··· Dataset excerpts
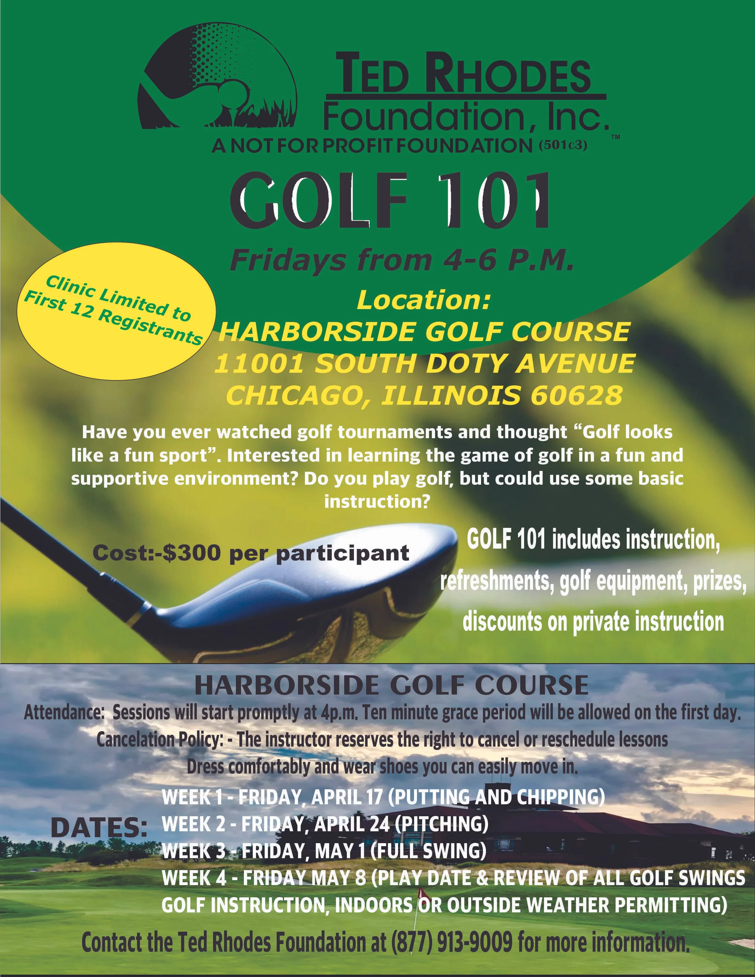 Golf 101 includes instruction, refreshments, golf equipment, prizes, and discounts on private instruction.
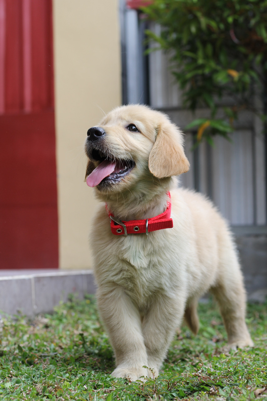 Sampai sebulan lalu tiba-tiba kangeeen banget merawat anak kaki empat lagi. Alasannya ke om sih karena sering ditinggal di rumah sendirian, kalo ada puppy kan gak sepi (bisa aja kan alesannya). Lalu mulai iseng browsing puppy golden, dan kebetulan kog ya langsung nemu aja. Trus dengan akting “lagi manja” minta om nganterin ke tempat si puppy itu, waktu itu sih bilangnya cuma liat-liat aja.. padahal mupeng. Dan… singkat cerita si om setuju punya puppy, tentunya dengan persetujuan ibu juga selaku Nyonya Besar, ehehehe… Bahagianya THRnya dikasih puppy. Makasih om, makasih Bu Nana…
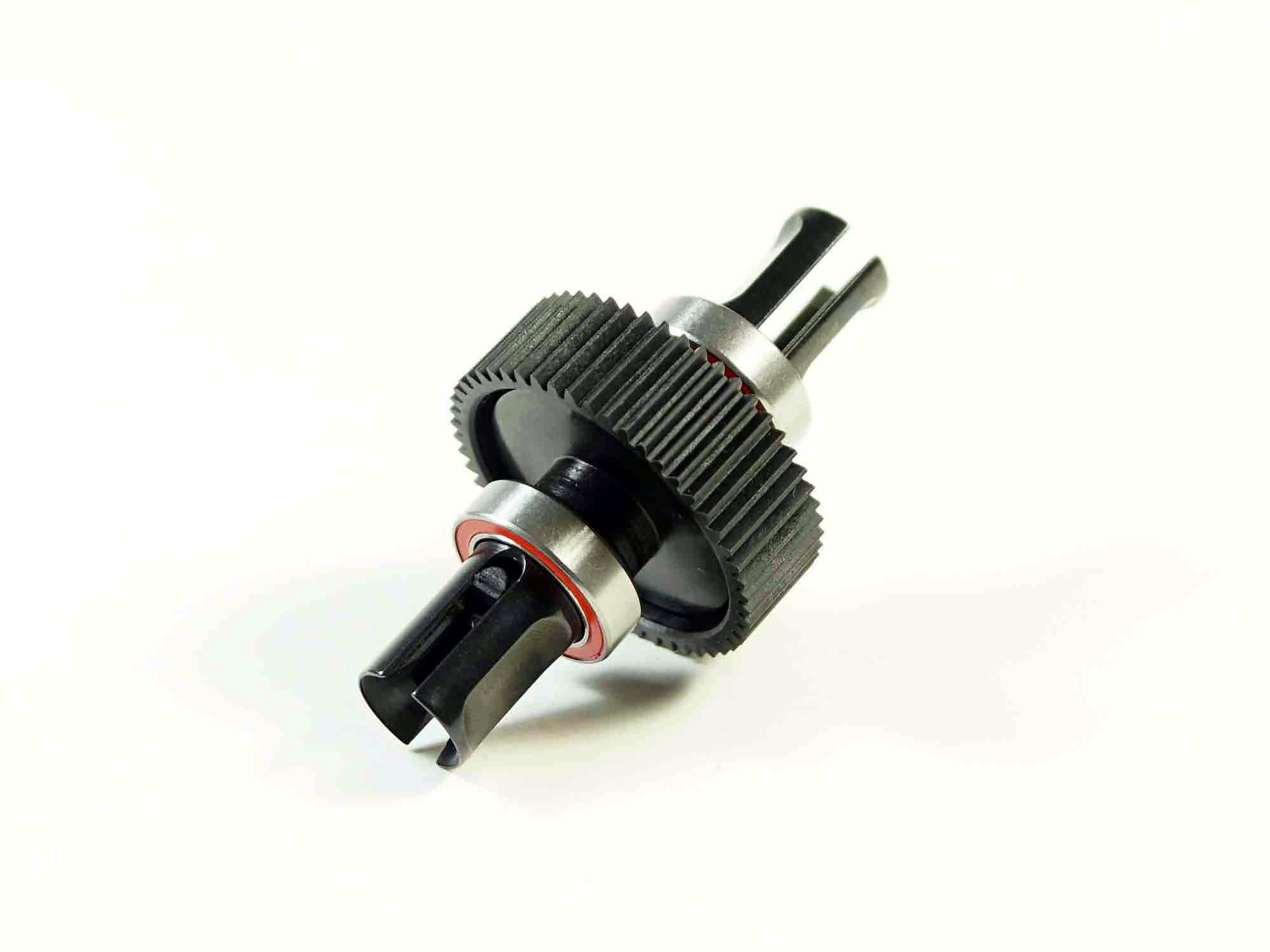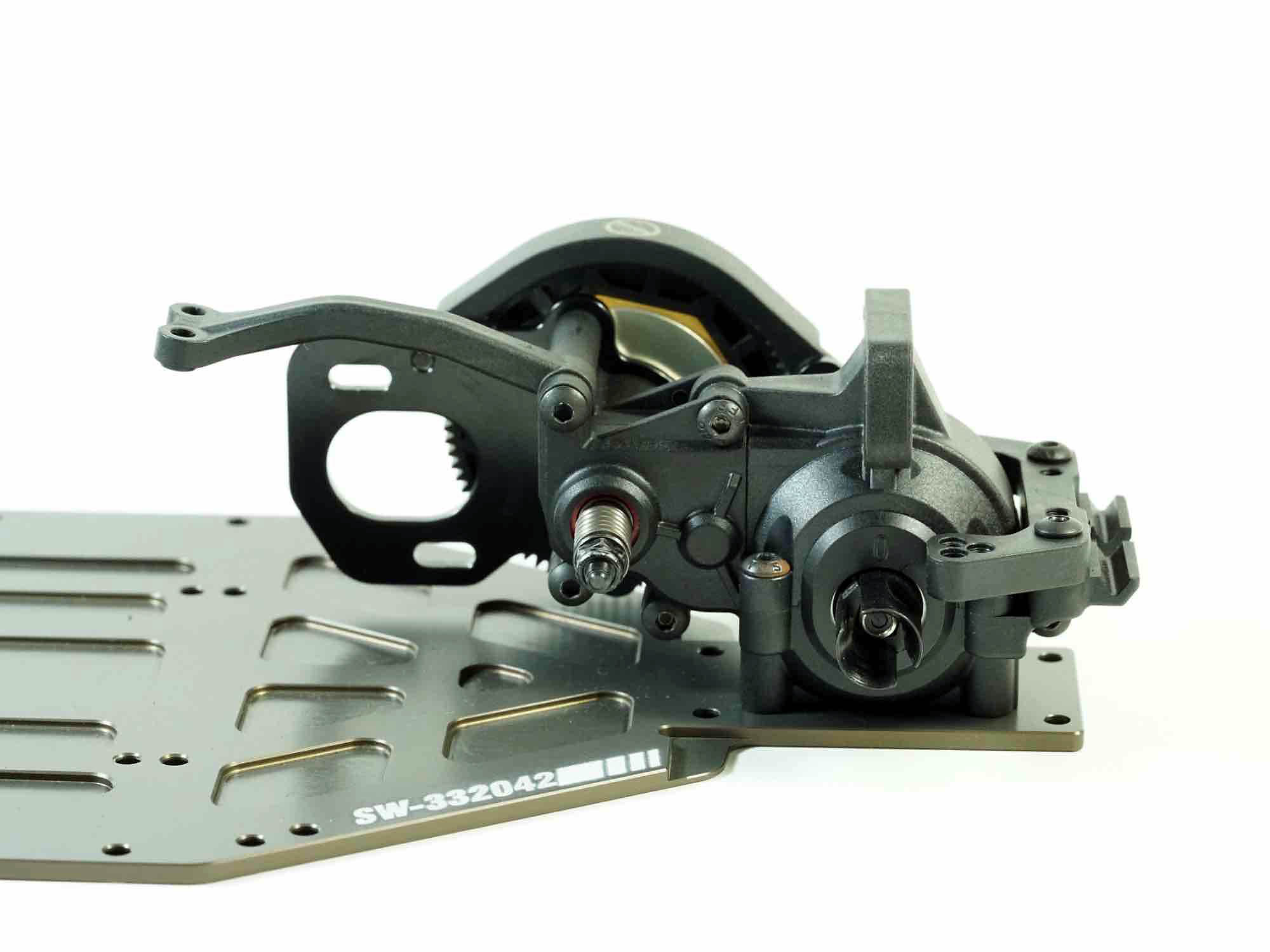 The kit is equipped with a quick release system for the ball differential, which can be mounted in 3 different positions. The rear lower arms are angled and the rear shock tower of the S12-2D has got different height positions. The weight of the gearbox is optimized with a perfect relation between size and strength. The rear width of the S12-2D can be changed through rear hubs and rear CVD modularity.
······
··· Dataset excerpts
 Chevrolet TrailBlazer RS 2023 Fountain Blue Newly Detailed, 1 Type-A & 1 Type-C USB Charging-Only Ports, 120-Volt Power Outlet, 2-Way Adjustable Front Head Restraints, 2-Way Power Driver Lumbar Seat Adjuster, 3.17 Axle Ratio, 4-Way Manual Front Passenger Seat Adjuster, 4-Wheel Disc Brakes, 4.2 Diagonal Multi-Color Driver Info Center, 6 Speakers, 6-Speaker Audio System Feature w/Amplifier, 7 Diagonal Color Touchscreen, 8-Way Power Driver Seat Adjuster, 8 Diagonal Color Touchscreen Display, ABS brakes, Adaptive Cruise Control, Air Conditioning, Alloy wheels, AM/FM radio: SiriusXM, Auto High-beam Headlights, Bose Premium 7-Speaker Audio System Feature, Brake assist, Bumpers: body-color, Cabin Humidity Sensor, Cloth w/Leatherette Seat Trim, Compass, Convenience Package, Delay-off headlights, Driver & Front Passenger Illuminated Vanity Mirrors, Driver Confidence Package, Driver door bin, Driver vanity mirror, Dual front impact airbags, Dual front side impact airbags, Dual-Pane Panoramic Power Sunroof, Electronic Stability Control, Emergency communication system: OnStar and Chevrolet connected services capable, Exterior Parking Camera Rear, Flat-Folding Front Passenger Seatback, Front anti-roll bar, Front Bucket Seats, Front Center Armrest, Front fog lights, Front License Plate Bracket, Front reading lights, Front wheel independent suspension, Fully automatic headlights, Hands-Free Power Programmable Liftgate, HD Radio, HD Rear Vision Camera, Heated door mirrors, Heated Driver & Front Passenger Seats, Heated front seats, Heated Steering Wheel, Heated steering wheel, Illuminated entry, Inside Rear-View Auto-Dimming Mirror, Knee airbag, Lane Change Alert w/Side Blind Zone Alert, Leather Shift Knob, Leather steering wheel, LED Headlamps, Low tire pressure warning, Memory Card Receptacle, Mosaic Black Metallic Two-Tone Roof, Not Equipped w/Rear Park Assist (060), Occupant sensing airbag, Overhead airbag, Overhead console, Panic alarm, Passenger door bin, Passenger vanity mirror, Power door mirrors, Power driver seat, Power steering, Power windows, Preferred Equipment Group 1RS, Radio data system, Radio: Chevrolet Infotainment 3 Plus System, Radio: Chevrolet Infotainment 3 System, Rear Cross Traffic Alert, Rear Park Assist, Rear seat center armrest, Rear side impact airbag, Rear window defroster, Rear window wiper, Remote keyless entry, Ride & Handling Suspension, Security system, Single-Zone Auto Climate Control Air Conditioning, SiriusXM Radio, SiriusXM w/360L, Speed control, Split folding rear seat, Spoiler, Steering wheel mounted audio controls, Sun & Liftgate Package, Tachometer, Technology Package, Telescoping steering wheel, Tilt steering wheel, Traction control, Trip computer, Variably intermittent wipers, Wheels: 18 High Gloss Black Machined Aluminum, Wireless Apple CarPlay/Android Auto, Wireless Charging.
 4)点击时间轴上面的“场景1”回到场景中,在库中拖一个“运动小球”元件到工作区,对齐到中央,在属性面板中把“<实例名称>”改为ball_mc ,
······
··· Dataset excerpts
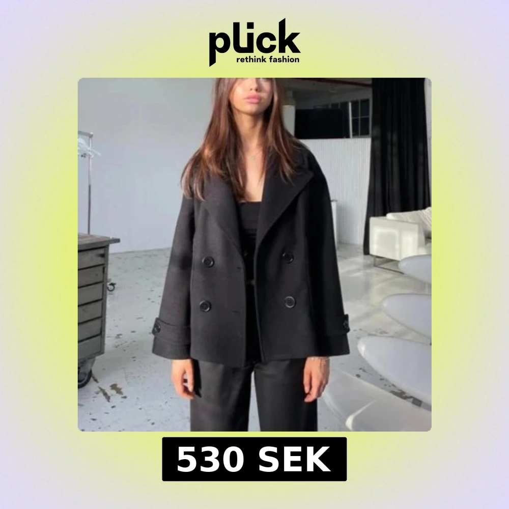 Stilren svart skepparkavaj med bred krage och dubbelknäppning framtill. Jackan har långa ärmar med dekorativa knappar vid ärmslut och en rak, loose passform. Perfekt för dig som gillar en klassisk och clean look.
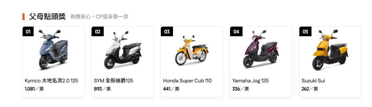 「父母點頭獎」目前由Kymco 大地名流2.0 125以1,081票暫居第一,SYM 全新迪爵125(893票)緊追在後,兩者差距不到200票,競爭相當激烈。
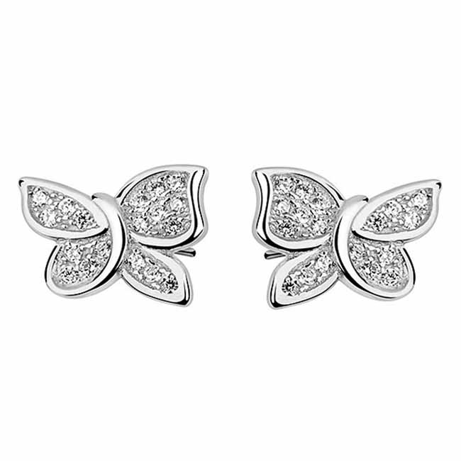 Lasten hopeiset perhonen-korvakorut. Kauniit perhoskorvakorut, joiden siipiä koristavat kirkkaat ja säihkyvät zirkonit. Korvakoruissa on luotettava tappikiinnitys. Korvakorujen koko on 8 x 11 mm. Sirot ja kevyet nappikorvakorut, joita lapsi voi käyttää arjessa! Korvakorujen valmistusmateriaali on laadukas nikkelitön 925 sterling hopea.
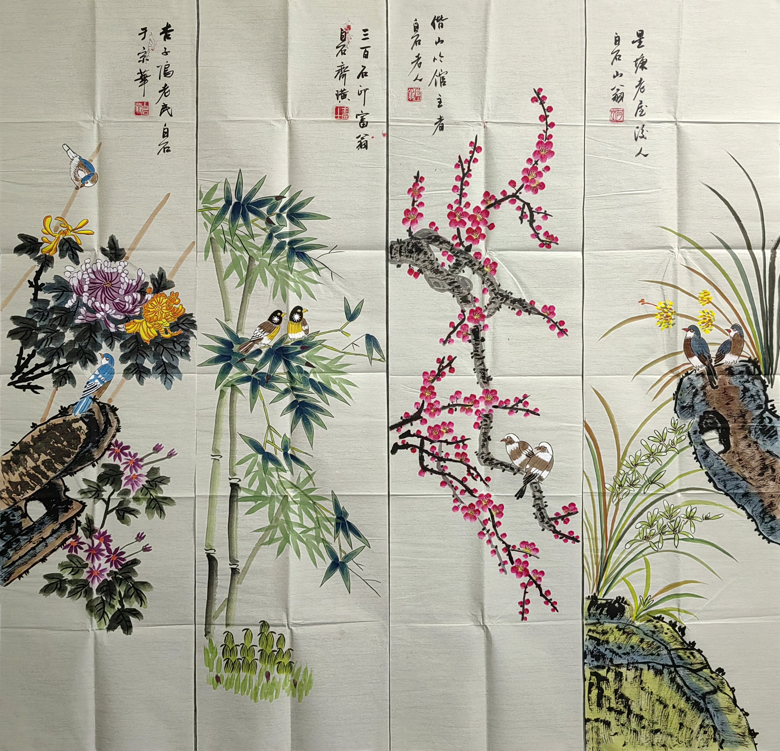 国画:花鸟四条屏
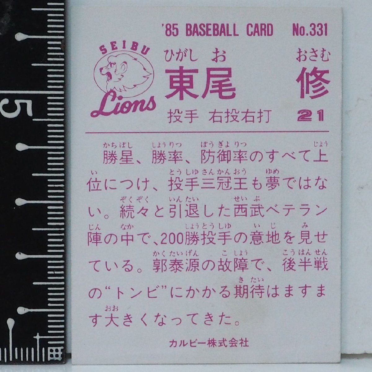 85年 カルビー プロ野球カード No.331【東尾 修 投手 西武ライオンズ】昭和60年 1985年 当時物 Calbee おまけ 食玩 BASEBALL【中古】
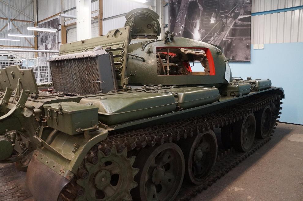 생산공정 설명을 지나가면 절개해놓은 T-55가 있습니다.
······
**Work instructions**
Please transcribe exactly the part of the records that opens with the line containing "85年 カルビー プロ野球カード" and closes with the line containing "생산공정 설명을 지나가면 절개해놓은 T-55가 있습니다.", both ends included, and leave out the pictures.

**Response area**
 85年 カルビー プロ野球カード No.331【東尾 修 投手 西武ライオンズ】昭和60年 1985年 当時物 Calbee おまけ 食玩 BASEBALL【中古】
 생산공정 설명을 지나가면 절개해놓은 T-55가 있습니다.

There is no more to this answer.